I registered a domain a year ago (pine.town) and it came up for renewal, so I figured that, instead of deleting it, I'd build something on it, and came up with the idea of an infinite collaborative pixel canvas with a "cozy town" vibe. I have ZERO experience with frontend, yet Codex just built me the entire damn thing over two days of coding:

https://pine.town

It's the first model I can work with and be reasonably assured that the code won't go off the rails. I keep adding and adding code, and it hasn't become a mess of spaghetti yet. That having been said, I did catch Codex writing some backend code that could have been a few lines simpler, so I'm sure it's not as good as me at the stuff I know.

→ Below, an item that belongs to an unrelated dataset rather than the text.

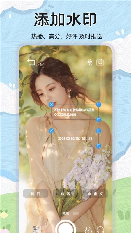 3、水印可自动更新用户的实时日期、天气等信息,让您更好地记录生活。

Then again, I wouldn't even have started this without Codex, so here we are.

causal 10/28/2025||
It's interesting how different the subjective experiences of similarly-capable coding models is. My experience with Codex is that it tends to run off and do things without asking enough questions or keeping me in sync, whereas Claude seems to be more careful to clarify and keep me apprised of what it's doing.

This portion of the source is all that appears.